Would love love love to figure this out.

It's tough to expect much when I only interact in this forum when something is amiss. Although I suppose that paucity is a testament to the stability of OpenZFS on OS X.

This makes unattended reboots a pain, but can't really complain if no one has any other ideas.
galego
 
Posts: 7
Joined: Tue May 13, 2014 8:17 am

Re: Can't import raidz2 pool after ZIL ssd failure

Postby galego » Sun Nov 20, 2016 1:15 pm

Scoured the forums for a solution and no luck. Unless one of the OpenZFS gurus out there can chime in with a solution for me to try, I'll take this to be a bug.

Cheers,
Oliver
galego
 
Posts: 7
Joined: Tue May 13, 2014 8:17 am

Re: Can't import raidz2 pool after ZIL ssd failure

Postby leeb » Mon Nov 21, 2016 2:23 pm

galego wrote:Would love love love to figure this out.

I'm sorry it wasn't straight forward to clear the errors here. You don't say what system you're running this on, but if it's a tower where it's trivial to swap drives (or if you want to temporarily partition your boot), or if you have another system available (including FreeBSD/Linux) you could try importing the pool elsewhere and attempting to clear the errors there maybe.

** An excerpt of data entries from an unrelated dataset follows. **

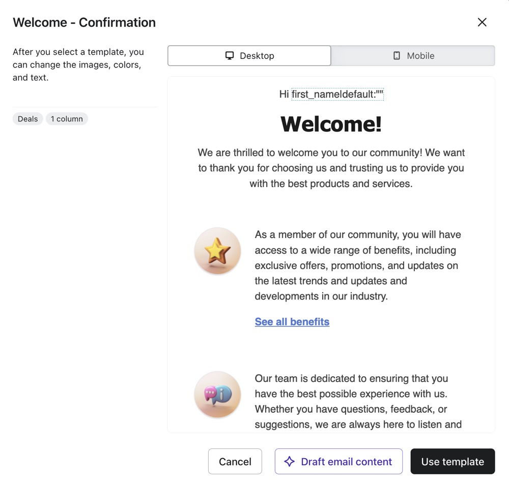 För bästa resultat, välj en färdigbyggd mall från biblioteket eller en mall som du redan har skapat och som innehåller innehåll (t.ex. textblock, knappar, delning, tabeller etc.). Detta ger Klaviyo AI en bättre uppfattning om den struktur och stil du letar efter. köpcentrum som huvudsakligen består av bilder är svårare att utarbeta med hjälp av Klaviyo AI.
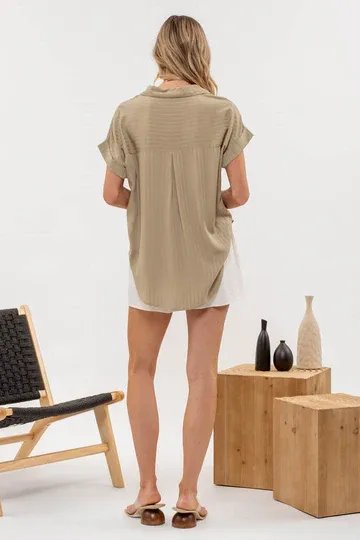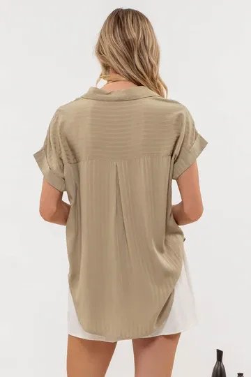 Blusa oversize de manga corta con elegantes rayas verticales en tono verde olivo, perfecta para un look casual sofisticado
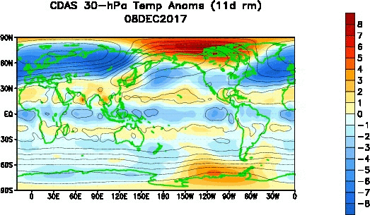 See the follow up time series of 30mb temperature anomalies. The North American warming built to the south and faded but notice it is reloading in the Pacific.

If it's truly annoying though and it's data that's important (not sure if "media server" means it's just a convenience storage for network movie access and the like or if it's used for important project media data) you could also treat this as an excuse to test you near-line replica with a nuke&pave onto a fresh pool. I recognize that could be a significant time sink (I've only got around 10TB but that's still the better part of a day to replicate) and it's galling to do use an inelegant brute force approach to what should be a simple quickie, I've just gone through a similar set of feelings with an obscure network hardware bug that I'd love to track down rather then just RMA the equipment. Still, it's not like it's a useless exercise on its own anyway. The old saw of "if you've never tested your backup you don't really have one" isn't without merit.
It's tough to expect much when I only interact in this forum when something is amiss. Although I suppose that paucity is a testament to the stability of OpenZFS on OS X.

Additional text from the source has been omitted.